The big thing that we are working on is to get out the debit card tied to the Paga account in partnership with Visa. We will launch that in early 2022. What it will do is open up the possibilities for Paga’s customers. A Paga customer in Nigeria will be able to take their card and shop online. They can go into a store with it and pay with the card. We also recently got our bank license in Nigeria, which is going to give us the capability to do lending, savings and really change the picture across what we are doing. We are working on operationalizing that.

Do you think the Nigerian market is saturated with banks, or is there room for more?

All of us in Nigeria are under-banked for various reasons and there is still a lot of innovation that could be done.

Have you had any kind of awards recognition?

Very recently the Africa Report recognized me as one of the top 40 digital leaders in Africa. I also won the Entrepreneur of the Year Award (West Africa) in 2014. It is all a team effort though as the 200 people at Paga commit themselves every day to that purpose.

What do you want to achieve in the short to medium term?

In the next three years our goal is to scale within Nigeria and to expand to a couple of other markets. The opportunity in Nigeria is huge and we are doubling down our efforts. It is about reaching not just the consumer side, but the seller side and to bring merchants from the offline world into online.

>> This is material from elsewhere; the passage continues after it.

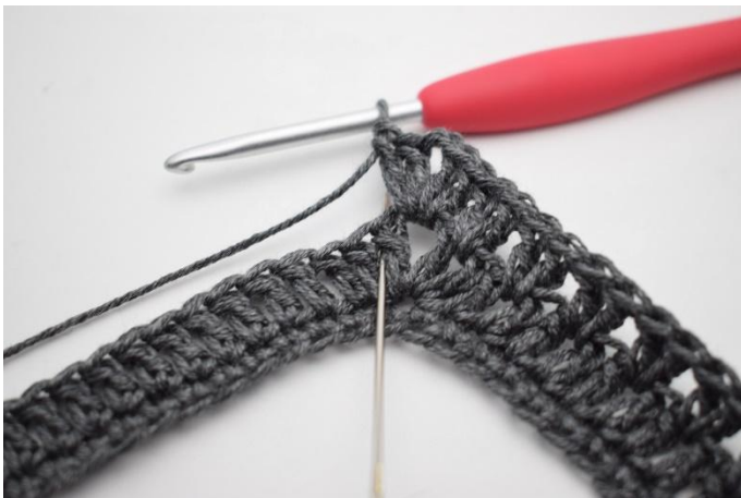
9. Haak 2 Stk tussen de eerste 2 stgm. De naald hier markeert waar je moet haken.

What drives you to do what you do?

My biggest driver personally is a desire to change my community and to have an impact in my world, however that is defined. I really do not care if people know it was me who made an impact as it is more that I know I made the impact. And that I know the opportunities that I was given and the sacrifices that my single mother made for my brothers and I were not in vain. I want to give back to the world.

ABOUT PAGA: Paga was founded in early 2009 with a purpose to make it simple for one billion people to access and use money. Paga is solving two key problems that exist around the world – eliminating the use of cash for transactions and access to financial services. Paga is a payments and financial services ecosystem for Africa. Its ecosystem is similar to that of Square and PayPal as Paga focuses on helping both consumers and sellers pay, get paid, and access financial services. Paga enables consumers to access and use money in the most convenient way for them, whether that is through a neighborhood store (agents) or via their mobile phone (smartphone or feature phone). Paga also enables sellers to sell more efficiently and access financing.